I
like this image of the Big Bad Wolf because it is right on point with what the
malignant narcissist predator is all about. The Wolf is dangling a bare bone while gripping a fork. This is exactly
what the MN predator does; they toss their prey a “meatless” bone to lure
them in, so THEY can feed. The bone may as well be rubber because what the
malignant narcissist uses to bait the victim is worthless, it’s FAKE, there’s
no substance to it, it’s all on the level of pretense, and it’s called “Grooming” - a predatory act of
maneuvering prey into a trap.
I
came across a description of “Grooming” on Out of the Fog and was amazed at how
perfectly it describes the predation of malignant narcissist/psychopath sister
AND MN mother on my N dad. But before we get to the description, let me begin
with my experiences of being
“groomed” by a narcissist.
Done.
I have none. Grooming doesn’t work on me. Why? Probably because I was raised in
captivity with three narcissists, I was out numbered, and I had to carefully study
how the eco-system of the narc jungle functions in order to survive. If I fell
prey to manipulation tactics such as grooming, I would have been chewed-up and
spat out before I reached my teens.
I
recall one New Year’s Eve, I was home watching TV, and at the stroke of
midnight malignant narcissist sister and her friend grabbed a bunch of pots and
pans from the kitchen and went out onto the street and banged the living shit
out of them. When malignant narcissist mother discovered that her pots and pans
were dented and chipped she was furious. MN sister couldn’t pin this one on me
because my parents came home while she was making a racket throughout the neighborhood
and they caught her walk through the door pot handed. What happened next was
something my 15 year old self put in the narcissist behavioral data bank.
Initially
MN mother became angry at MN sister and bitched and moaned about her precious
pots and pans, but that wasn’t the end of it. The next day, MN mother did some
role reversing and tried to employ a divide and conquer technique. She “acted”

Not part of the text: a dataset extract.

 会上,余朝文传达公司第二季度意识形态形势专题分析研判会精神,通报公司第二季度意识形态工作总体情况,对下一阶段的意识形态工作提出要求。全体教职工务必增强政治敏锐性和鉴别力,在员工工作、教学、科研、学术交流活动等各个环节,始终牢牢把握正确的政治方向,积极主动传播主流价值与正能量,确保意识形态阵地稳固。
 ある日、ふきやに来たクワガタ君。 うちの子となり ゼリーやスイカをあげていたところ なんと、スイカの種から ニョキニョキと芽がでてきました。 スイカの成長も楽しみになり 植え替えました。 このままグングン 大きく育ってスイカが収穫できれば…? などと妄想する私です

as if my sister was invisible and went into full-on grooming/engulf mode with
ME. Normally she didn’t acknowledge my existence, but now she was doing the human
version of a picking through my hair. Because this was so out of character for
her, I immediately recognized that she was working an angle – all this doting
was to make my sister jealous. I was merely a pawn in her sick little game. It
was almost laughable how she timed things. For example, MN sister would walk by,
or enter the room I was in, and like magic, MN mother would appear and ask me in
a sickly syrupy voice if I needed anything. This was quite a departure from her
evil glares, hissing and threats to annihilate me. It was truly cringe worthy.

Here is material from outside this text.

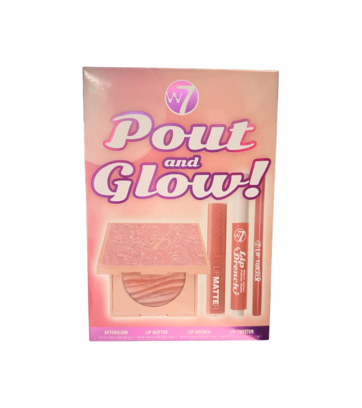 Luce un rostro radiante y unos labios irresistibles con el W7 Pout and Glow Set, un kit completo que combina maquillaje para labios y rostro en tonos favorecedores.
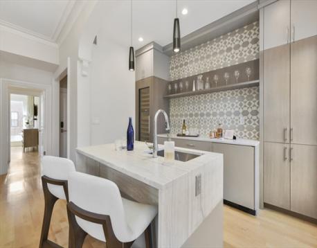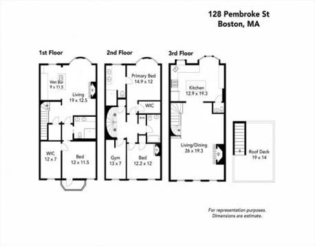 This stunning penthouse triplex at 128 Pembroke Street boasts 2,469sf, four bedrooms, three full and one half bathroom highlighted by a private roof deck, and off street deeded parking. This well appointed Brownstone offers a state of the art kitchen outfitted with Bosch and Sub-Zero appliances, a spacious primary suite with ample closet space and en-suite bath, a spectacularly appointed parlor, numerous gas fireplaces and gleaming hardwood floors throughout. The home is topped off by an approximately 500+/- sqft. private roof lounge, which features spectacular, unobstructed 360-degree views of the city. The home has been meticulously maintained and was just outfitted with a new roof and completely new HVAC system. This is a rare offering on one of the most coveted streets in the South End.

Eventually MN mother realized I wasn’t taking the bait and she defaulted to her
regular MN mother position – ignoring, neglectful, resentful.
I saw the
hypocrisy and bizarre connections in MN mother’s actions. MN sister could bash
me all she wanted and no one would care, but heaven forbid MN sister bash-up
something of value, like a pot or a pan, then MN mother was going to make her
pay by lavishing me (the human version of the dented object) with all kinds of
contrived attention. From what I remember, that was the only time MN sister
ever received anything resembling “punishment” but it had no effect on her,
especially since MN mother’s show closed after only one performance.
I
learned at a young age not to trust smooth talking hustler types. I learned to
experience effusiveness as off-putting. I have a few other experiences in life
with narcissists who tried to lure me in this manner and failed miserably, BUT
I have many many more experiences with narcissists who were critical,
indifferent, neglectful, completely self-absorbed and made me feel “not good
enough” who succeeded with me.
Grooming
is an extremely predatory act, so it’s
the very dangerous among us (the evil) who employ this tactic. Both my
malignant narcissist mother and malignant narcissist sister are predators: they
go out of their way to find
vulnerable prey to exploit/feed on. My father is a narcissist, bordering on
malignant, but he is not a predator. In fact, my father has been preyed on
repeatedly by malignant narcissist women. If you think all narcissists are
immune to the predatory tactics of highly malignant narcissists, think again. Being
a narcissist with an addiction to narc supply is a big button.
In
his book Without Conscience, The
Disturbing World Of The Psychopaths Among us, Dr. Robert. D. Hare describes
how these predators seek out our buttons to press.
If you have any weak spots in your psychological makeup, a
psychopath is sure to find and exploit them, leaving you hurt and bewildered.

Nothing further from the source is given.